"""

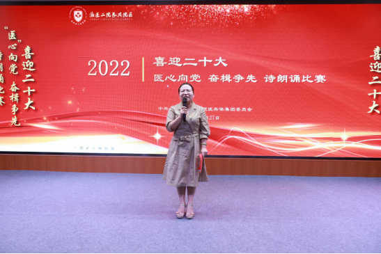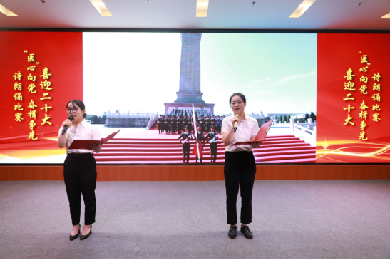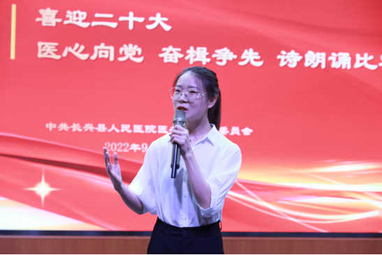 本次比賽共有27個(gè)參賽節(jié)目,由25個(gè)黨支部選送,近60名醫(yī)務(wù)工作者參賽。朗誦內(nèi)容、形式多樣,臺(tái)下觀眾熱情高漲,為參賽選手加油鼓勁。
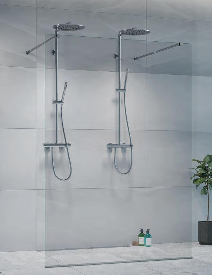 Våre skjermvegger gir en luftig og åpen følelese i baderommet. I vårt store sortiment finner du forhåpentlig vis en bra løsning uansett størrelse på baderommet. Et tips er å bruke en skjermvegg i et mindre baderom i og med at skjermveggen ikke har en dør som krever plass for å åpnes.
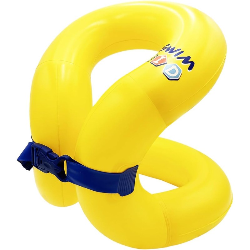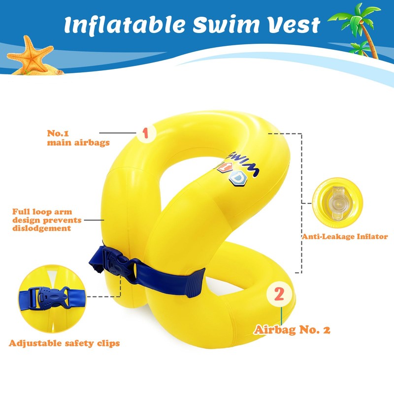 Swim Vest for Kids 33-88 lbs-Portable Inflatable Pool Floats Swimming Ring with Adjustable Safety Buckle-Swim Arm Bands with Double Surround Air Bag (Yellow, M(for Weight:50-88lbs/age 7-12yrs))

"""
"""

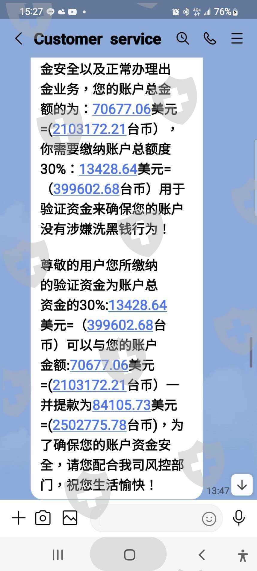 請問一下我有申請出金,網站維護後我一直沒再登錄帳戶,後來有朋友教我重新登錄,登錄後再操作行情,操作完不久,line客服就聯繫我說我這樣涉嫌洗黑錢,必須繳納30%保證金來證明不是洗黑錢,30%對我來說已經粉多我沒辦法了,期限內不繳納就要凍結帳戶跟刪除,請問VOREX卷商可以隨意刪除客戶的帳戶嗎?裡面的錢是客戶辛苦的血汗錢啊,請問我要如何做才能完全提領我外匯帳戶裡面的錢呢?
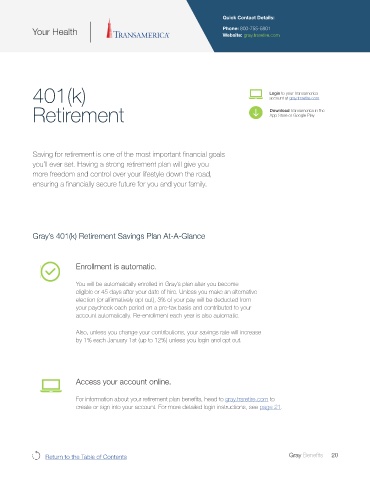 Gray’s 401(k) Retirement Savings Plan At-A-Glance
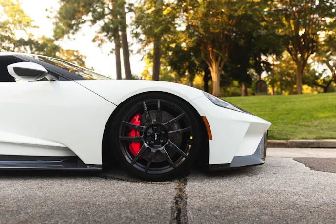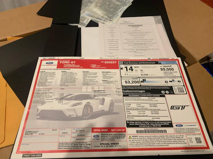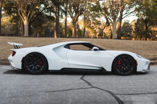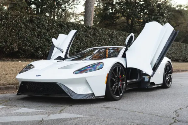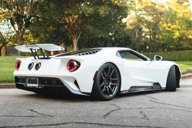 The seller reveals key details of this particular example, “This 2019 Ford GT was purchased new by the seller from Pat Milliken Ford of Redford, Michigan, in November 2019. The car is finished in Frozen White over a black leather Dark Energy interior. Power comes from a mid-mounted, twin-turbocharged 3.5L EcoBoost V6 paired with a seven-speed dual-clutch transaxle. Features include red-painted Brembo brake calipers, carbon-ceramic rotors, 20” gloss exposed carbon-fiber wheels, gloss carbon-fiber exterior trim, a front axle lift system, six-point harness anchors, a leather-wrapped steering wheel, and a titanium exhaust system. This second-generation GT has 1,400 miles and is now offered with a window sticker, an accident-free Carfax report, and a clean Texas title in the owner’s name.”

"""

Reproduce the lines above starting at the one with "Gray’s 401(k) Retirement" and ending at the one with "The seller reveals", both included, exactly and with no pictures.

> SOLUTION TO THIS TASK
 Gray’s 401(k) Retirement Savings Plan At-A-Glance
 The seller reveals key details of this particular example, “This 2019 Ford GT was purchased new by the seller from Pat Milliken Ford of Redford, Michigan, in November 2019. The car is finished in Frozen White over a black leather Dark Energy interior. Power comes from a mid-mounted, twin-turbocharged 3.5L EcoBoost V6 paired with a seven-speed dual-clutch transaxle. Features include red-painted Brembo brake calipers, carbon-ceramic rotors, 20” gloss exposed carbon-fiber wheels, gloss carbon-fiber exterior trim, a front axle lift system, six-point harness anchors, a leather-wrapped steering wheel, and a titanium exhaust system. This second-generation GT has 1,400 miles and is now offered with a window sticker, an accident-free Carfax report, and a clean Texas title in the owner’s name.”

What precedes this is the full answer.